● ACTIVITY: When you reach the line containing "4. Wróć do platformy" in the records below, start copying exactly, and stop once you have copied the line containing "Çeşitli karakter görselleri".

● INPUT DATA:
= = =

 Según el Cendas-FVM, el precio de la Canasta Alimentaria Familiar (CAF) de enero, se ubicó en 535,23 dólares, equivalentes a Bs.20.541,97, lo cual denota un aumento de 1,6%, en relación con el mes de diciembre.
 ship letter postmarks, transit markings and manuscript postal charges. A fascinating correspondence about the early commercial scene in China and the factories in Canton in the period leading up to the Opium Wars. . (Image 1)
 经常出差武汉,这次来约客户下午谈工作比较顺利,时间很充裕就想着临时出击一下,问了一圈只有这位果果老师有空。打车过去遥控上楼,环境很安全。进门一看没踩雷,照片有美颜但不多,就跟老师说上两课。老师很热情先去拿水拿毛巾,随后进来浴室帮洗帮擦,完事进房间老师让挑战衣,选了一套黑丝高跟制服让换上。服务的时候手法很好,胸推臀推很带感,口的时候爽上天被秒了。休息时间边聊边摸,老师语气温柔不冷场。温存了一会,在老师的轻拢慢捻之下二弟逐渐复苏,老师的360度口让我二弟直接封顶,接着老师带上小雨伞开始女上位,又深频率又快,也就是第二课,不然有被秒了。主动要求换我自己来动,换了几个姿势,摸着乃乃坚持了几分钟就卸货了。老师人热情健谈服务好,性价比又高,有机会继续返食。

= = =

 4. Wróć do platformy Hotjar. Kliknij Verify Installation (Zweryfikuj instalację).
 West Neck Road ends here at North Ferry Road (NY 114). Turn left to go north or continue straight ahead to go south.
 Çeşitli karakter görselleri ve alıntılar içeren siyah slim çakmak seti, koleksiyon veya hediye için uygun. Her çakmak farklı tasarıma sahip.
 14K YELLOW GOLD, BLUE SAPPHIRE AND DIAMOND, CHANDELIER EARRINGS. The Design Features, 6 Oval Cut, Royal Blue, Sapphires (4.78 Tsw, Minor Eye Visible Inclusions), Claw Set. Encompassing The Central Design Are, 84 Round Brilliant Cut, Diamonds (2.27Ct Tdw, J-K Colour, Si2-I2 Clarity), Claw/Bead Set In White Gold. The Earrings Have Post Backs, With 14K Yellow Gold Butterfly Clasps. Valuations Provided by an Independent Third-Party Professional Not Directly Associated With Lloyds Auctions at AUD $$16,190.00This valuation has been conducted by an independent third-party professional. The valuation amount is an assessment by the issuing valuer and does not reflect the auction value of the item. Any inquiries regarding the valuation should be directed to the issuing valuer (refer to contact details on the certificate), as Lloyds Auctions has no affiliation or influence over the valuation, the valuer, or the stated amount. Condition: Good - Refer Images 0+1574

= = =

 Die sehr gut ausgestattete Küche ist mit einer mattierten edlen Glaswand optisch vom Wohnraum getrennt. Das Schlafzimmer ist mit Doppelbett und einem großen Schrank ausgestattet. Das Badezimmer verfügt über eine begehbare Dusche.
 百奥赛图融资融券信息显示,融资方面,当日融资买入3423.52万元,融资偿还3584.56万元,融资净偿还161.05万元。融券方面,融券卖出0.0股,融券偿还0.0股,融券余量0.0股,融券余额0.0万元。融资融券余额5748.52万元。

= = =

● EXERCISE SOLUTION:
 4. Wróć do platformy Hotjar. Kliknij Verify Installation (Zweryfikuj instalację).
 West Neck Road ends here at North Ferry Road (NY 114). Turn left to go north or continue straight ahead to go south.
 Çeşitli karakter görselleri ve alıntılar içeren siyah slim çakmak seti, koleksiyon veya hediye için uygun. Her çakmak farklı tasarıma sahip.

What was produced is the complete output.